PlayStation Plus has a wider racing catalog than most subscribers realize. Scroll past the obvious action games and there is a surprisingly solid spread: open-world festival racers, a proper GT sim, two-wheel motorsport, rally specialists, and a few left-field picks that earn their place by doing something nobody else on the list does. The problem is finding them. Not everything buried in the catalog deserves your time, and some genuinely strong picks get overlooked simply because they lack the marketing budget that Gran Turismo commands. This list is for people who are actually in the mood to drive something.

How We Ranked These Games
Racing quality carried the most weight, because a racing game that does not feel good to drive is not worth recommending regardless of how many cars it has.
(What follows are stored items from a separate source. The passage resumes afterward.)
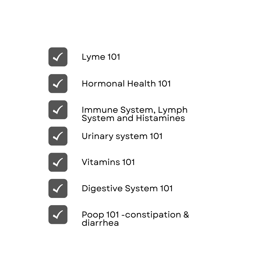 And because the library keeps growing, you’ll always have access to both the basics and advanced protocols. Some information may not be needed at the start of your healing journey — but 3–6 months in, you’ll be grateful those answers are already waiting for you.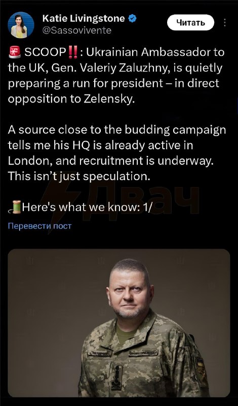 Залужный тайно готовится баллотироваться в президенты УкраиныПо данным журналистки из США Ливингстон… 25.08.2025Нацыянальная бясьпека. Дайджэст Залужный тайно готовится баллотироваться в президенты УкраиныПо данным журналистки из США Ливингстон, у предвыборной команды экс-главкома ВСУ уже есть штаб-квартира в Лондоне.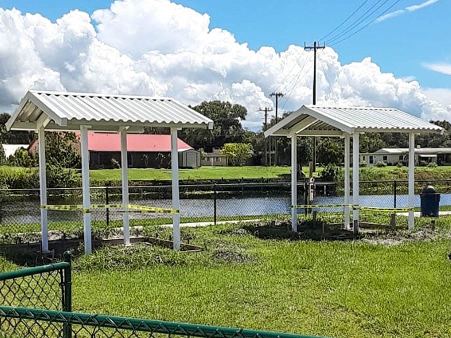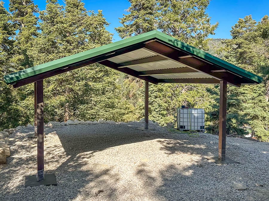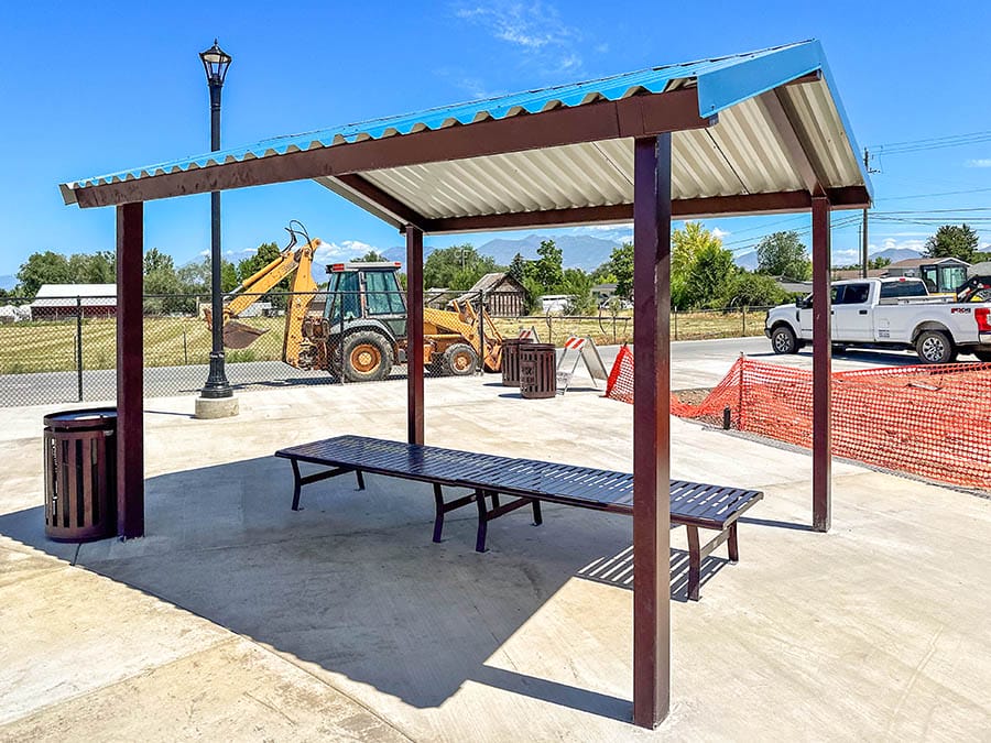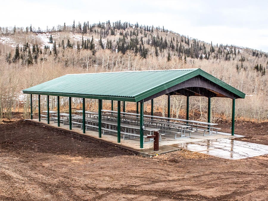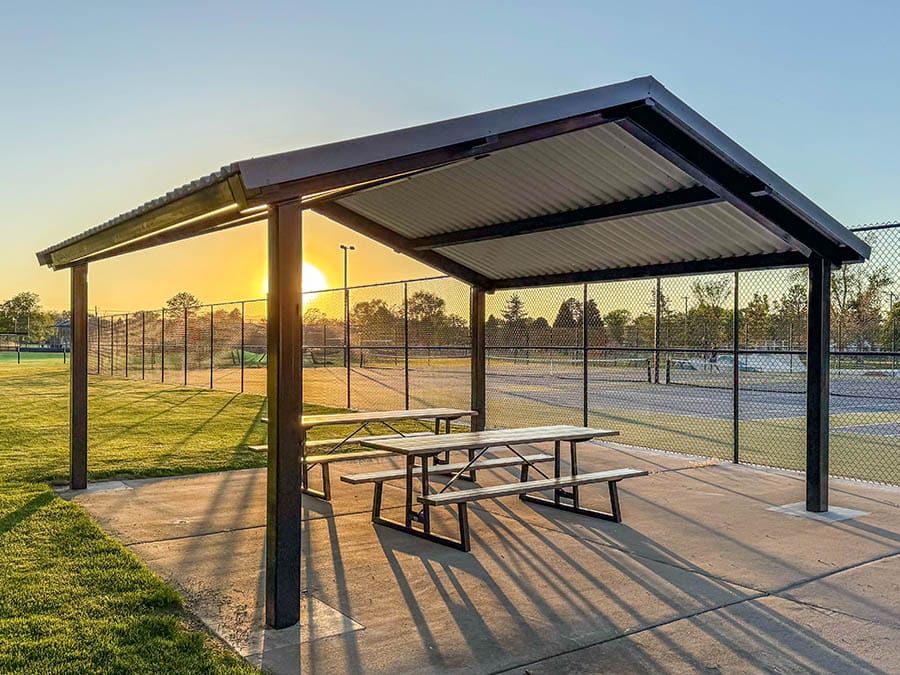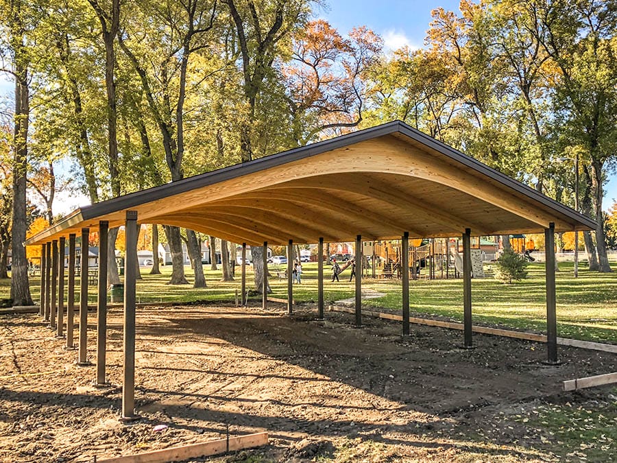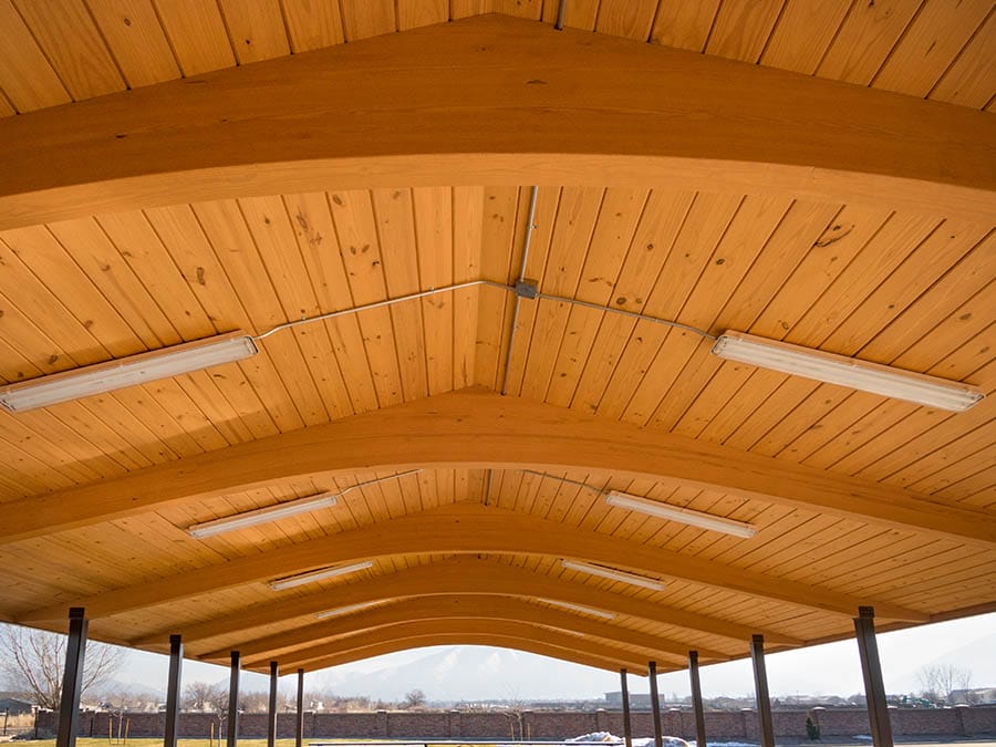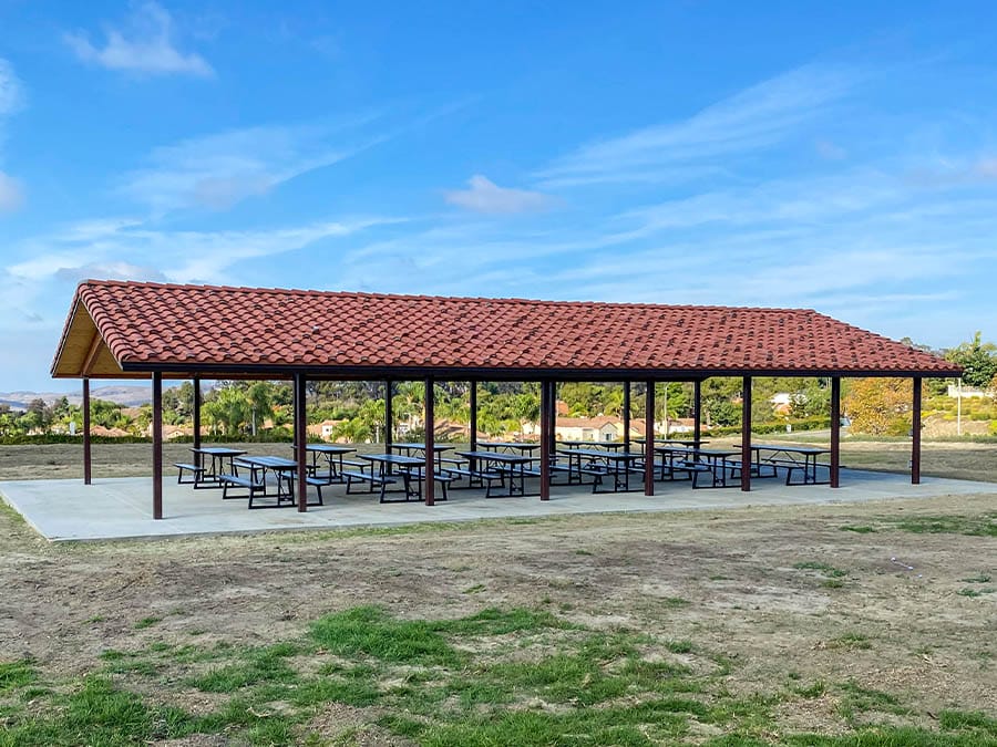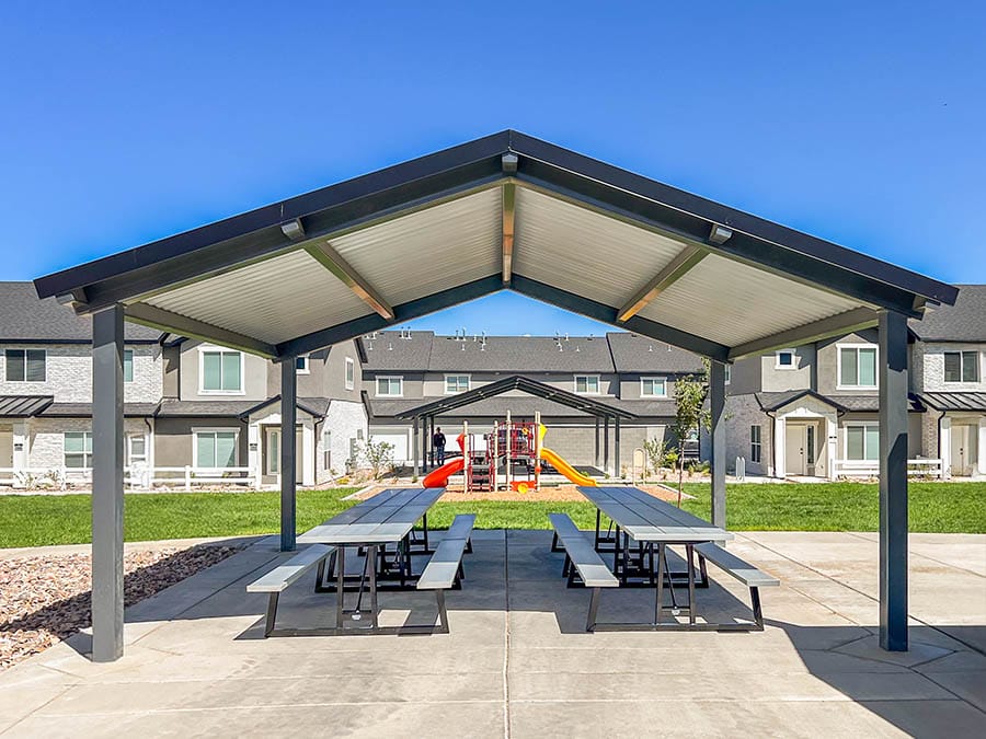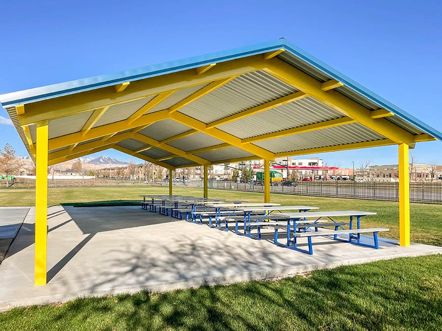 Gable pavilions feature a classic A-frame roof with two sloping sides that meet at a central ridge, creating a distinctive triangular peak. The vaulted ceiling provides an open, spacious feel, making them ideal for gatherings. Built with a strong post-and-beam structure, they can be designed with wood or steel beams to match your needs. Their timeless look makes gable pavilions a popular choice for business fronts, parks, school campuses, and other public or commercial spaces.

PlayStation Plus value came in second, because this list is specifically about what you get without spending another cent. Accessibility, breadth, and technical polish filled out the rest, with a small bonus for games that genuinely add a different flavor to the list rather than doubling up on what a higher-ranked entry already covers better.
The Top 10 Best Racing Games on PlayStation Plus
Ten games across sims, arcade racers, rally titles, and a few things you probably did not know were in the catalog.
“The PS Plus open-world racer with the biggest all-round appeal.”
I have spent a lot of time with Need for Speed and Forza over the years, and The Crew Motorfest scratches the same itch while feeling genuinely current. The Hawaii setting gives it a visual identity that holds up on a good display, and the playlist structure means you can spend twenty minutes doing something completely different from what you did yesterday without the game losing its shape. It is always online, which I understand bothers some people, but servers are still active and you will not run into dead lobbies. For a subscription pick with no extra cost, this is the one I would tell a friend to download first. Nothing else in the PS Plus racing catalog comes close to this level of breadth.
“A massive motorsport sandbox that gives subscribers absurd variety.”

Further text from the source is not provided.